Каллиста вновь поворачивается к окну. Какой завораживающий, какой манящий вид! Начало восьмого. Жители Просперы готовятся к вечеру: принимают душ, одеваются, смешивают коктейли и спешат заказать столики в ресторанах.

– Я думала, может, на этот раз…

– Проблема разрешится сама собой? – заканчивает за нее Отто. – Мы оба знаем, что такого не бывает.

Какое-то время они молчат.

– Чуть не забыла. – Каллиста по-прежнему смотрит в окно. – Насколько понимаю, вы заключили новый брачный контракт. Отто, примите мои поздравления.

– Благодарю. Очень любезно с вашей стороны.

– Как я слышала, чудесная девушка. Но учтите, она молода и на нее будут заглядываться. – Прежде чем Отто успевает ответить, Каллиста снова поворачивается к нему. – Благодарю вас, министр.

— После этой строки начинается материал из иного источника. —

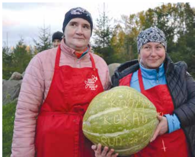
Sõmeru põhikooli kokad kõrvitsarallil.

15. oktoobril toimus Rakvere valla esimene heategevuslik kõrvitsaralli. Selle eesmärgiks oli koguda kokku valla kõrvitsasaak 31. oktoobril Tallinna loomaaias toimuva kõrvitsapeo jaoks ning veeta üks mõnus sügisõhtu värskelt valminud Sõmeru aleviku valgustatud terviserajal. Osalejatel tuli 1-3 liikmelise võistkonnana kõrvits turvaliselt stardist finišisse toimetada. Rallist võttis osa 15 võistkonda, üle 40 võistlejaga, lisaks oli kohale tulnud hulgaliselt toetajaid ja kaasaelajaid. Suurim kaalule jõudnud kõrvits küündis 22 kiloni. Kõrvitsarallist võtsid osa nii pingviinid kui
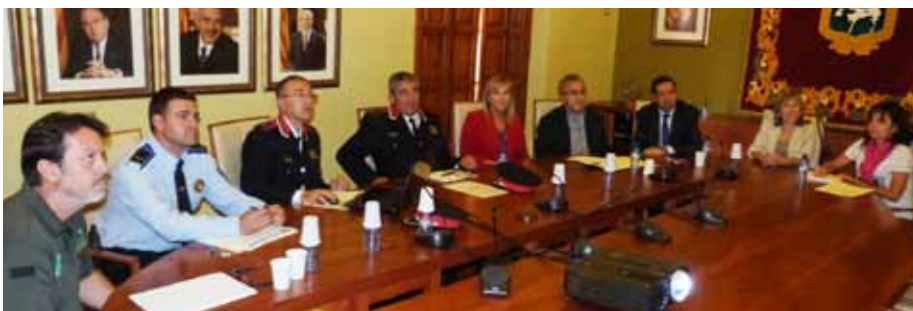
■ La Junta Local de Seguretat de finals d'octubre a les Borges.

La Junta Local de Seguretat de les Borges va presentar a l'octubre el balanç anual de les actuacions policials, en la que destaca una disminució dels fets coneguts, delictes i faltes, en un 17,5%. En el transcurs de la Junta també s'ha donat a conèixer que entre el període d'octubre de 2013 a setembre de 2014 s'han resolt un de cada tres delictes denunciats, i la disminució dels robatoris a l'interior de domicilis, d'empreses i en el món rural.

Ценю, что безотлагательно прибыли по моему вызову.

– Если хотите, чтобы я поговорил с нашим другом…

Каллиста жестом останавливает его.

– Это лишнее.

Уинспир смотрит на нее с бесстрастным видом. Затем встает, берет портфель (папку он намеренно оставляет на столе) и кивает:

– Разрешите откланяться, госпожа председатель.

Оставшись одна, Каллиста подходит к стенному бару и наливает себе виски. Уинспир – настоящий сухарь, в его присутствии ей всегда становится тревожно. А от происходящего в Министерстве общественной безопасности делается еще тревожнее. Четкого представления о происходящем нет даже у нее.

Она возвращается за стол, садится и делает несколько глотков. Что у них намечено на вечер? Вероятно, театр или концерт. По вечерам они с мужем редко сидят дома. Наверное, сейчас Джулиан ходит взад-вперед, постоянно глядя на часы и удивляясь, почему она опаздывает.

Негромкий стук в дверь. Вновь появляется секретарша:

– Госпожа председатель, будут ли еще какие-нибудь распоряжения?

Вопрос секретарши возвращает Каллисту к реальности.

– Нет, Саша. На сегодня все. Можете идти.

– Приятного вам вечера, госпожа председатель.

Хорошая девушка эта Саша. Воспитанная, пунктуальная, донельзя сдержанная. Каллиста допивает виски. Телефон стоит рядом и словно ждет, когда она снимет трубку. Черт бы побрал Малкольма Беннета. Черт бы побрал Отто Уинспира. Черт бы побрал Проктора и всех и вся, включая ее работу.

Она знает, как поступить. Нужно лишь решиться на это.

4

– Проктор, дорогой. Я так сочувствую тебе… – Элиза встретила меня в прихожей и сразу бросилась на шею. – Я услышала и сразу вернулась домой. Где ты был? Боже, да ты весь мокрый!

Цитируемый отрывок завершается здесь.